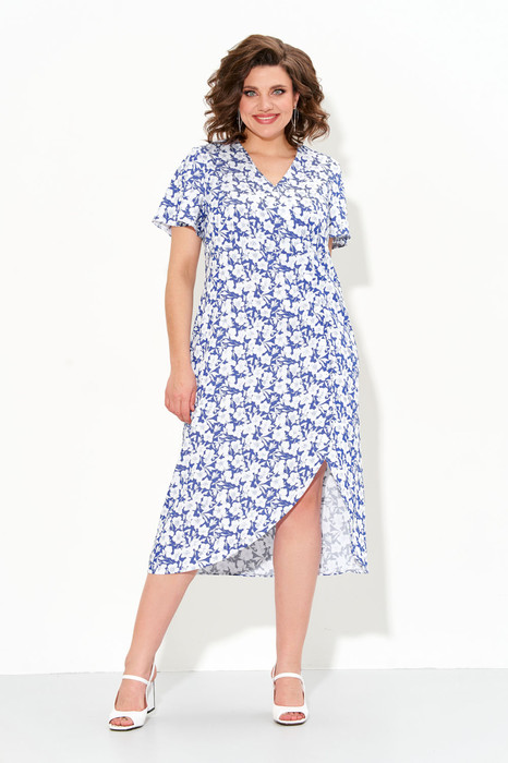 Платье женское полуприлегающего силуэта без подкладки из натуральной ткани со втачными рукавами и V-образным вырезом горловины. По переду платья декоративная планка, в боком шве застежка-молния.
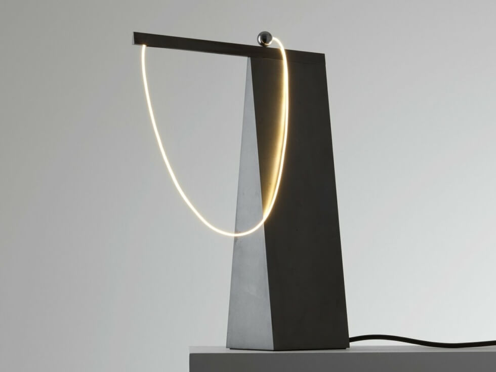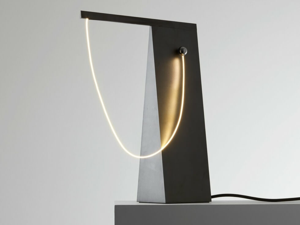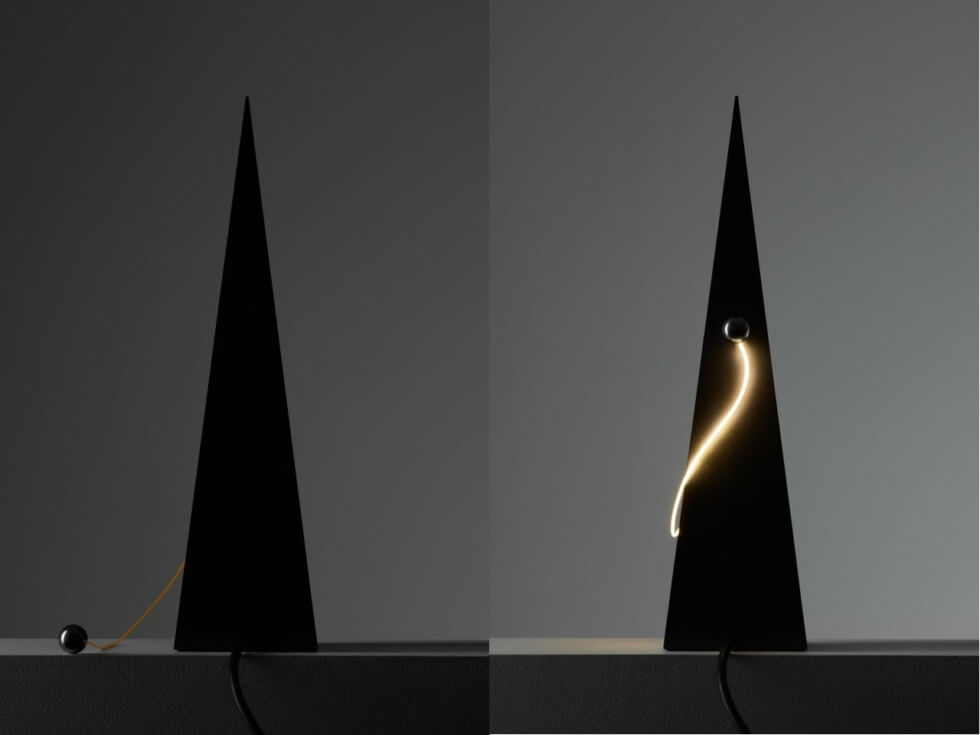 The Tangent Lamp is created  by RELVĀOKELLERMANN through their experimental RK Lab. Its mechanism questions  pre-conceived notions of how a lighting object is supposed to work. As RK Lab describes it, the object “investigates the relationship between experience, technology and the purpose of light itself.”
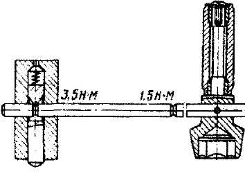 Рис. 124. Контрольное приспособление проверки момента трения (сдвига) подшипников ведущей шестерни редуктора
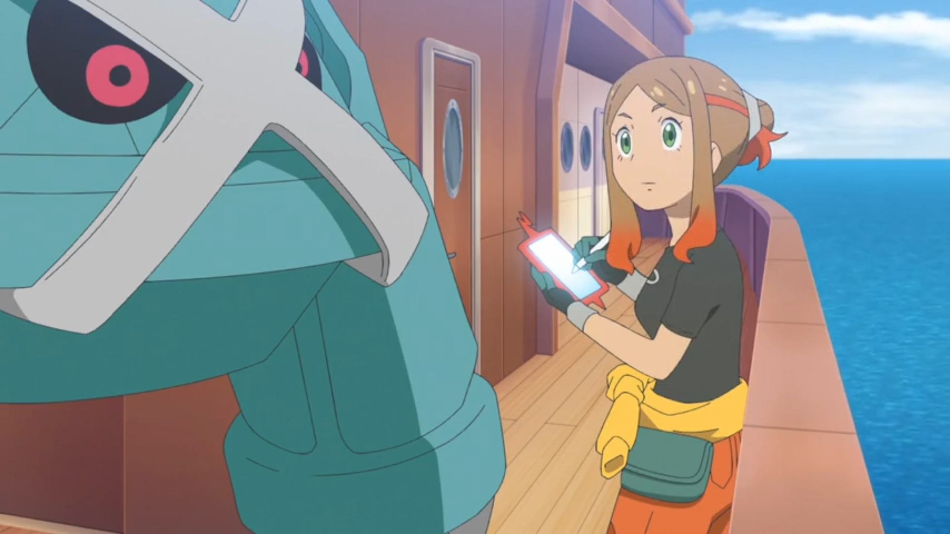 Im Hafen der Stadt ruft Murdock sein Wuffels, das Feloris Geruch nachverfolgen soll. Während sich Orla mit ihren Pokémon um einige Reparaturen auf dem Luftschiff kümmert, fischt Ludlow an seinem Lieblingsplatz nach Karpador.
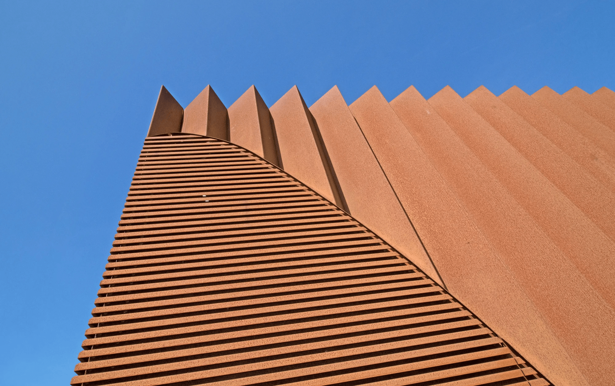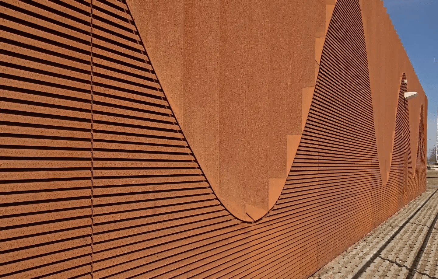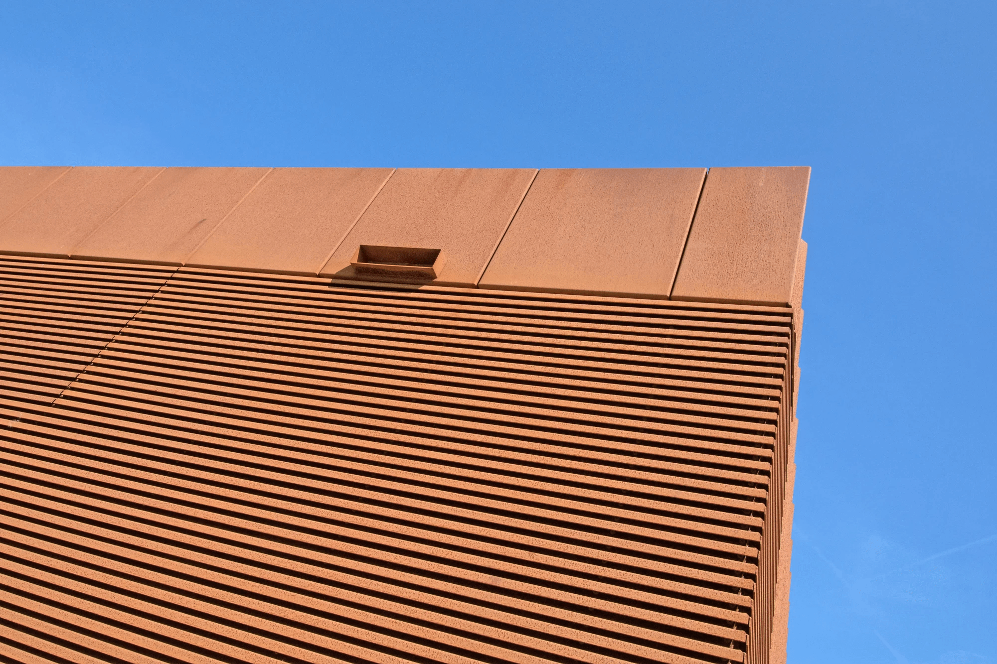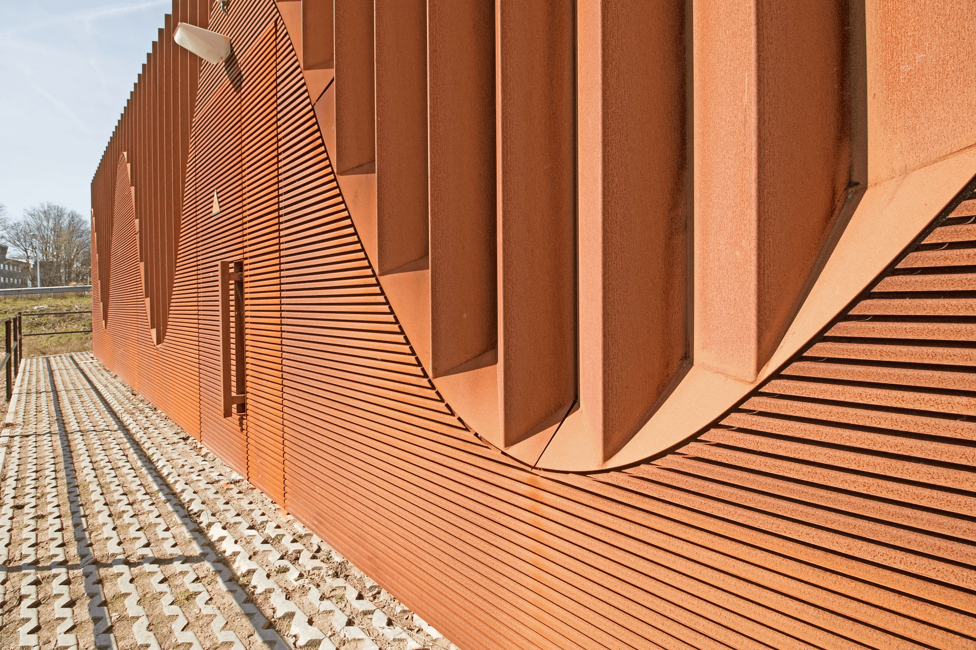 Het grafische beeld wordt bereikt door een verschil in reliëf en textuur boven en onder de lijn. De bovenkant bestaat uit asymmetrisch gevouwen Cortenstalen panelen, zodat het gebouw uit verschillende hoeken anders wordt beleefd. Voor een optimale ventilatie bestaat de gevel aan de onderzijde uit gezette roosters. Door een groot oppervlak roostergevel te maken is het dus geen probleem om tijdens het ontwerpproces of in de toekomst extra openingen te maken.
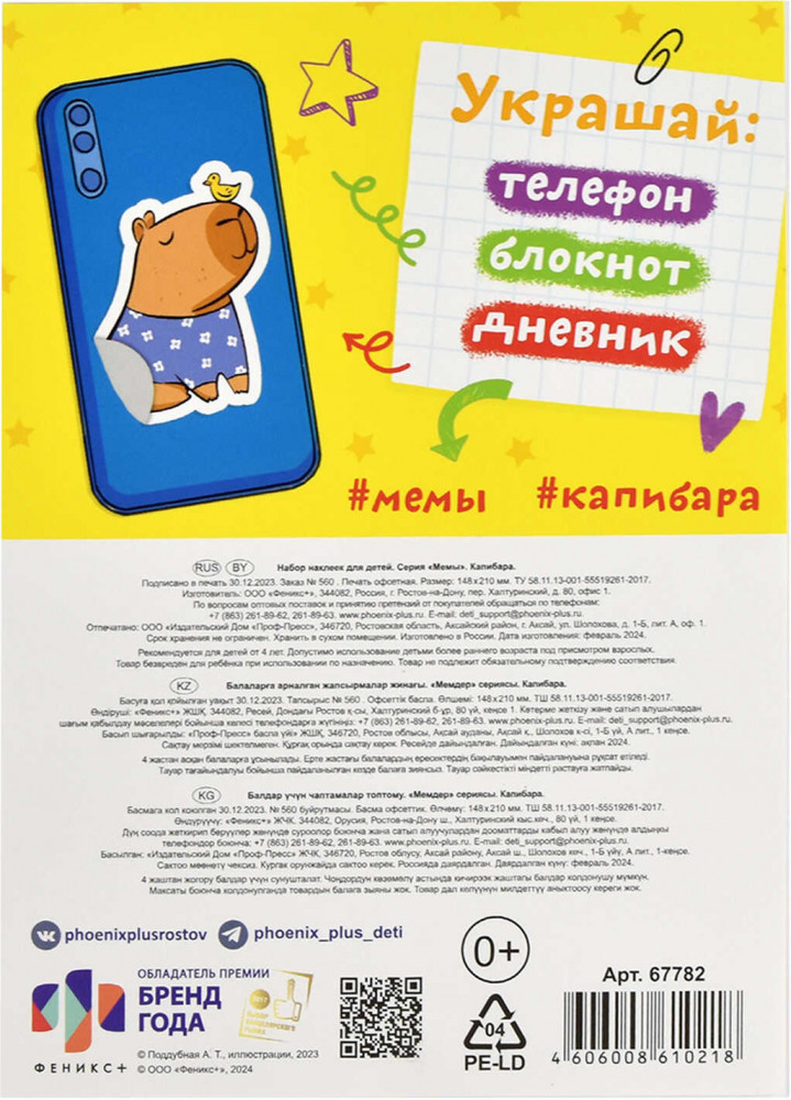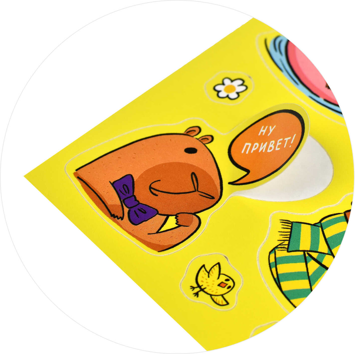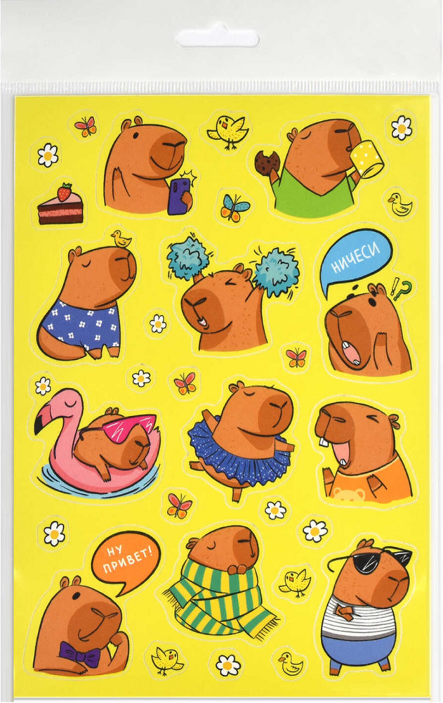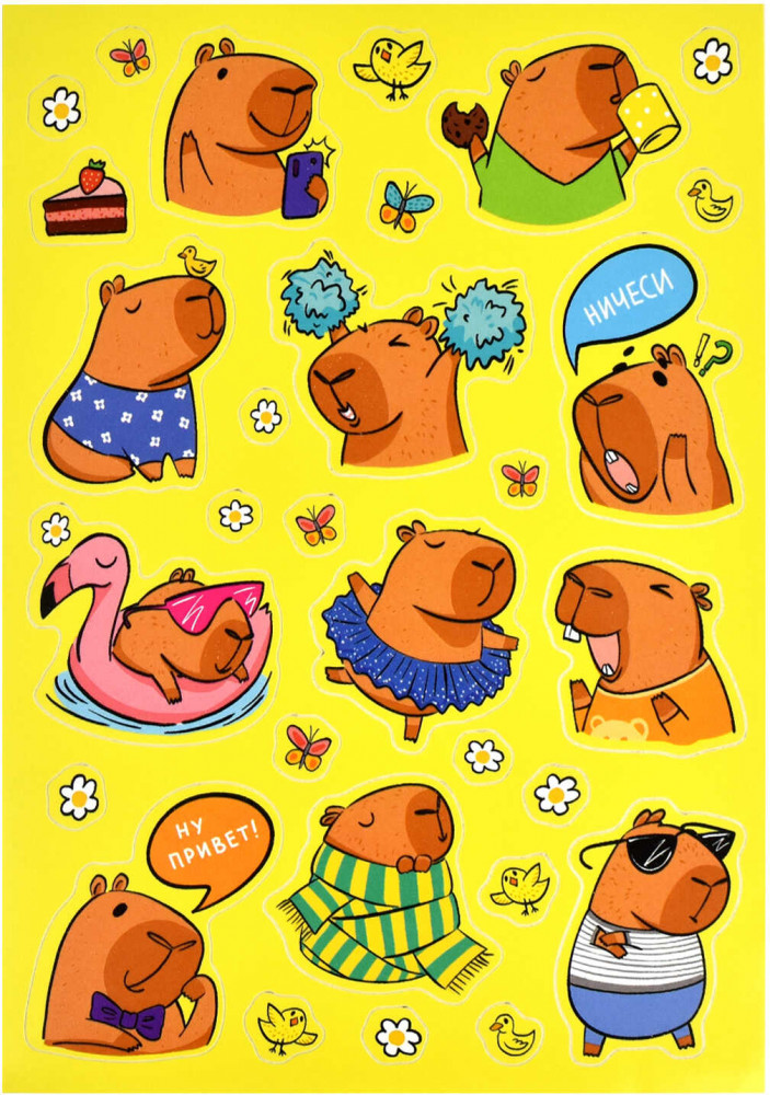 Яркие наклейки с невозмутимой капибарой украсят твой телефон, дневник, ежедневник или ноутбук. Наклеивай стикеры, чтобы удивить друзей, поднять себе настроение и сделать свои вещи непохожими на другие. Стикеры многоразовые и не оставляют следов.
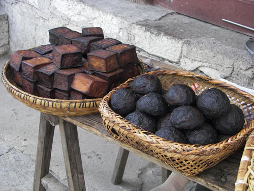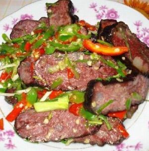 介紹: 血豆腐,就是將豆腐和豬血、豬肉及花椒、辣椒等佐料拌成泥狀,捋成卵形,以竹篩置火炕上,煙熏烤成臘黃,吃起來耐嚼味香,是土家特色菜,當?shù)厝顺R云湎戮啤?在張家界的飯館里很難吃到正宗的土家特色菜,可以去做土味的特色餐館去解解饞。但是最正宗還是鄉(xiāng)下人家家里自己熏的,那才叫一個好吃!??!
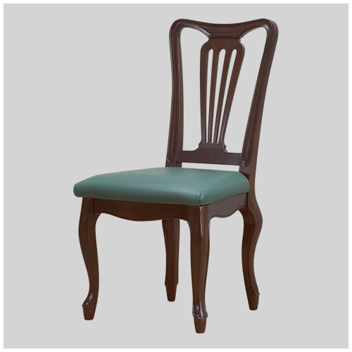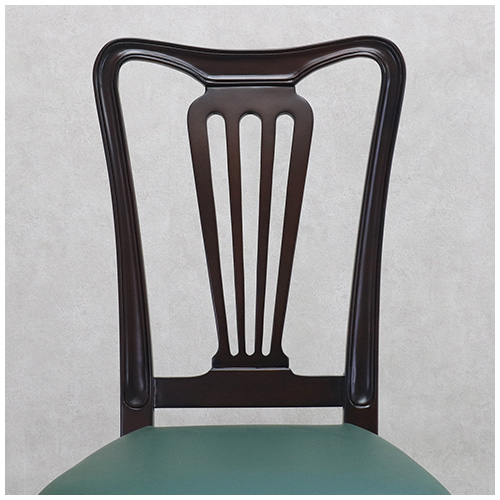 ソファー・ダイニングチェアの脚やキャビネットの扉の表面などには彫刻で仕上げたリブ(浮き上がる彫刻)が施されています。あくまでもシンプルに、大げさにならないようにしたこの木製の模様はさりげないデザインポイントとなっています。また、天板の中心を囲むように施された突き板の化粧張りが優美さを表現しています。また、ガラスキャビネットに使われている木格子はチッペンデール様式の頃の中国建築に影響を受けた形が取り入れられています。
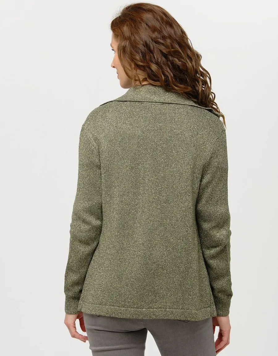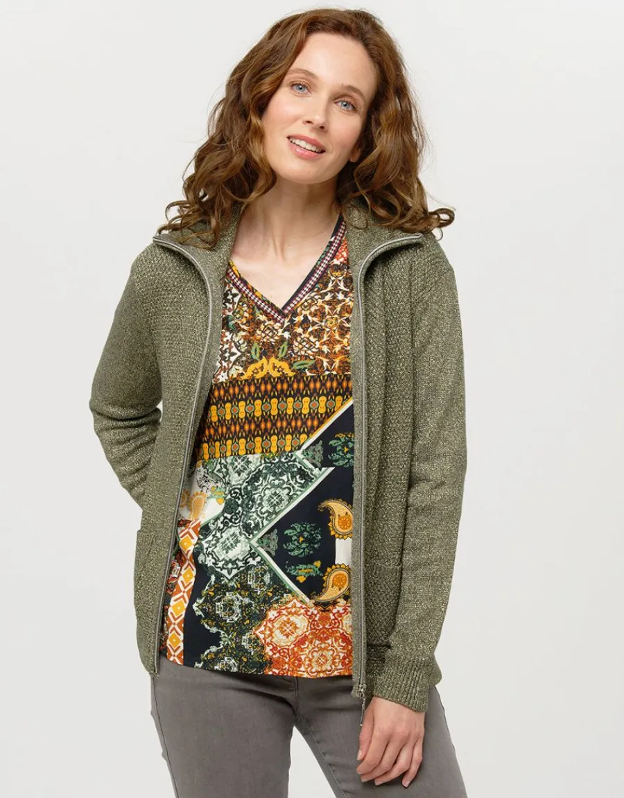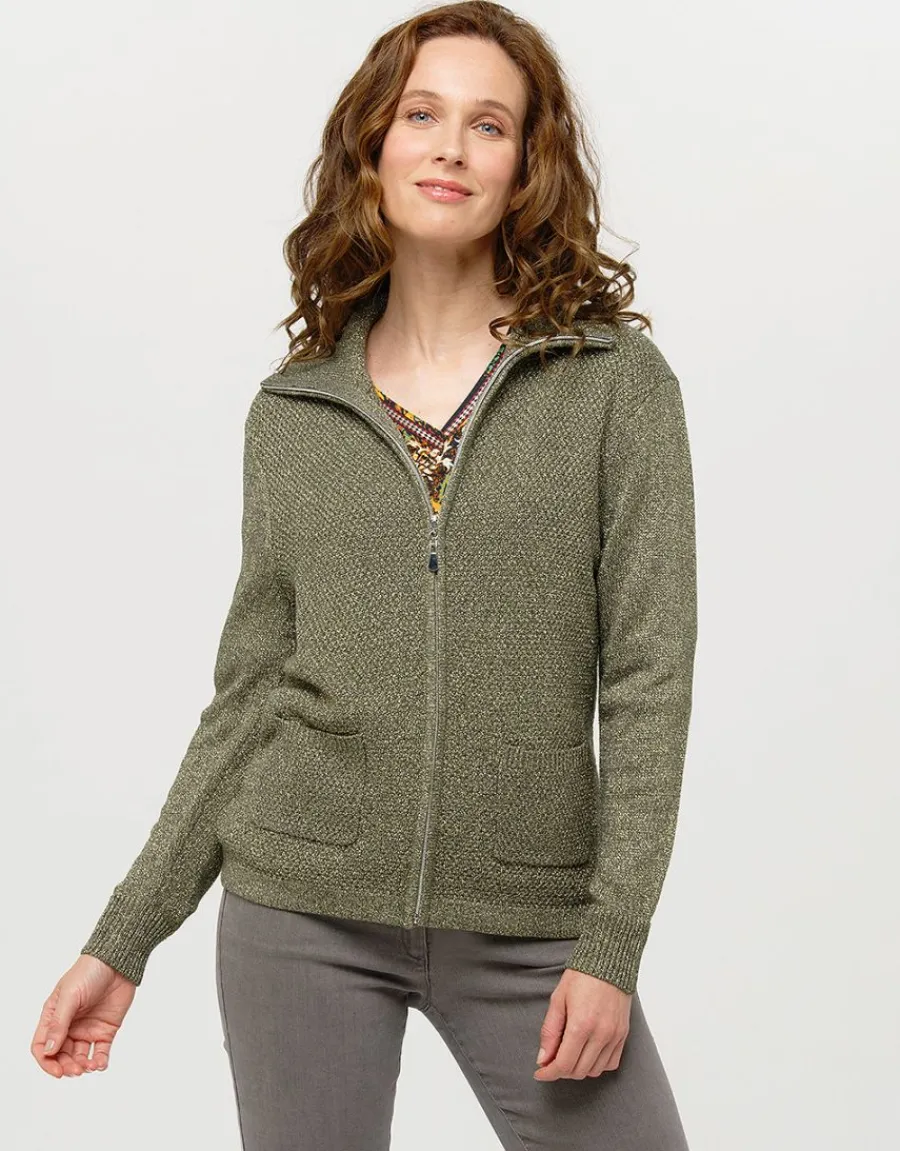 – Gilet zippé kaki en maille irisée à col ouvert

About this task: Excluding the pictures, transcribe each entry above word for word.

Result:
 Платье женское полуприлегающего силуэта без подкладки из натуральной ткани со втачными рукавами и V-образным вырезом горловины. По переду платья декоративная планка, в боком шве застежка-молния.
 The Tangent Lamp is created  by RELVĀOKELLERMANN through their experimental RK Lab. Its mechanism questions  pre-conceived notions of how a lighting object is supposed to work. As RK Lab describes it, the object “investigates the relationship between experience, technology and the purpose of light itself.”
 Рис. 124. Контрольное приспособление проверки момента трения (сдвига) подшипников ведущей шестерни редуктора
 Im Hafen der Stadt ruft Murdock sein Wuffels, das Feloris Geruch nachverfolgen soll. Während sich Orla mit ihren Pokémon um einige Reparaturen auf dem Luftschiff kümmert, fischt Ludlow an seinem Lieblingsplatz nach Karpador.
 Het grafische beeld wordt bereikt door een verschil in reliëf en textuur boven en onder de lijn. De bovenkant bestaat uit asymmetrisch gevouwen Cortenstalen panelen, zodat het gebouw uit verschillende hoeken anders wordt beleefd. Voor een optimale ventilatie bestaat de gevel aan de onderzijde uit gezette roosters. Door een groot oppervlak roostergevel te maken is het dus geen probleem om tijdens het ontwerpproces of in de toekomst extra openingen te maken.
 Яркие наклейки с невозмутимой капибарой украсят твой телефон, дневник, ежедневник или ноутбук. Наклеивай стикеры, чтобы удивить друзей, поднять себе настроение и сделать свои вещи непохожими на другие. Стикеры многоразовые и не оставляют следов.
 介紹: 血豆腐,就是將豆腐和豬血、豬肉及花椒、辣椒等佐料拌成泥狀,捋成卵形,以竹篩置火炕上,煙熏烤成臘黃,吃起來耐嚼味香,是土家特色菜,當?shù)厝顺R云湎戮啤?在張家界的飯館里很難吃到正宗的土家特色菜,可以去做土味的特色餐館去解解饞。但是最正宗還是鄉(xiāng)下人家家里自己熏的,那才叫一個好吃!??!
 ソファー・ダイニングチェアの脚やキャビネットの扉の表面などには彫刻で仕上げたリブ(浮き上がる彫刻)が施されています。あくまでもシンプルに、大げさにならないようにしたこの木製の模様はさりげないデザインポイントとなっています。また、天板の中心を囲むように施された突き板の化粧張りが優美さを表現しています。また、ガラスキャビネットに使われている木格子はチッペンデール様式の頃の中国建築に影響を受けた形が取り入れられています。
 – Gilet zippé kaki en maille irisée à col ouvert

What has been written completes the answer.